I am facing the same use case. Would be awesome if I could set a flag to enable this behavior.

erickvieira avatar Oct 20 '20 22:10 erickvieira

@erickvieira , @megantaylor if anyone any of you were able to get through this / figure this out?

thidasapankaja avatar Mar 03 '21 06:03 thidasapankaja

@thidasapankaja imagine if you could create a member of Fields object without keys, just changing the type and a bunch of expected operators. Something like this:

const arbitraryFields: Fields = {
  foo: { /* Regular configuration according to docs */ },
  bar: {
    label: "Bar",
    type: "!map", // just an example,
    mapAllowedOperators: ["equity", "difference", "between"]
  }
}

Now, if user click on select menu's option "Bar", it will render a line with the following components in this order:

  1. A text input that will accept everything that could sounds good for a property/variable name (alphanumerical characteres, no spaces and some especial chars as wel, like $, #, _, - etc...)
  2. A select menu with 3 options: ==, != and Between
  3. Another text input that can accept literaly anything and outputs it's value as a regular string

It makes sense for you guys? There are so many use cases where I could use something like this in past 2 years. It would be really awesome to finally see this implemented here. This is my main choice everytime.

Ps.: I've tried to implement this once, but it's specially hard to me deal with the mutability of maps 😜

erickvieira avatar Oct 25 '21 19:10 erickvieira

I assume that !map fields should have type of subfields in definition, right? Eg. map with string values, or with number values.

ukrbublik avatar Oct 25 '21 20:10 ukrbublik

... Eg. map with string values, or with number values.

Are you talking about the raw value of the property or about the key type?
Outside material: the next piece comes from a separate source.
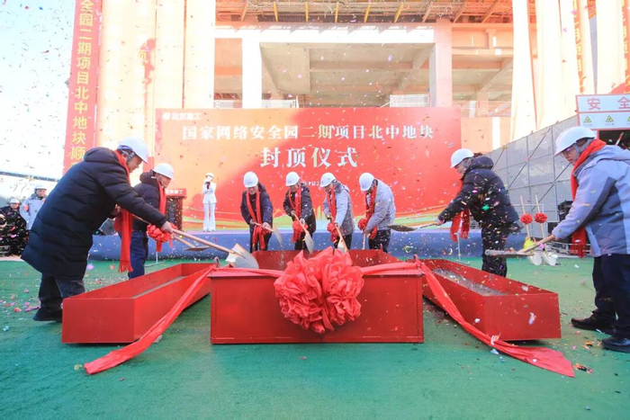 1月22日,由北京建工集团施工的总建筑面积近40万平方米的北京西部超大城市综合服务设施——国家网络安全园二期项目北区和中区地块主体结构封顶。

  • If that is the first option (assuming a Map<string, number | string> in typescript definition) so yeah, that makes sense too. But is it possible to ignore this or just set it's value as "any"? Assuming "Between" as an example: the output string (bar["name"] > "0"&& bar["name"] < "200") could be perfectly recognized as a valid command in vanilla JS. So why not assuming "any" as a possibility and simply output things as string?

  • If that is the last one, so are you talking about arrays (assuming that a Map<number, any> is equivalent to Array<any>)? It could be nice too, but I don't really see the benefit on that.

erickvieira avatar Oct 25 '21 20:10 erickvieira

I'm talking about first option (Map<string, number | string>) Using "any" is possible. Not really user-friendly, because different types have different corresponding operators and widget types. Eg. for map of dates it would be right to let user use date picker. And using between with strings can be OK for JS programmers, but confusing for end user. But if type is unknown, "any" is ok

ukrbublik avatar Oct 25 '21 20:10 ukrbublik

That is why I've suggested include the property mapAllowedOperators it would specify wich opperators and consequently wich widgets can be used for that specific map super field. It could includes incongruent operators for certain properties? Maybe, but now the dev has the power to workaround it if possible. But it's important to keep in mind that if "!map" become a thing devs would probably want to create heterogeneous ones sometimes.

erickvieira avatar Oct 25 '21 21:10 erickvieira

I am facing the same use case too, any plan to support it?

kadinwu avatar Feb 24 '23 00:02 kadinwu

@ukrbublik i know you are busy on other features and bugs, but still want to confirm with you. We have strong requirement for this feature, are you going to support it? and what is plan? Thanks!

kadinwu avatar Mar 03 '23 08:03 kadinwu

I will prioritize this issue. My plan is to extend support for type: "!group" to allow adding dynamic fields, not only ones described in subfields

ukrbublik avatar Mar 05 '23 11:03 ukrbublik

I will prioritize this issue. My plan is to extend support for type: "!group" to allow adding dynamic fields, not only ones described in subfields

Thanks, great news for me. 👍 One more question, Not pushing you, what is timeline to implement it?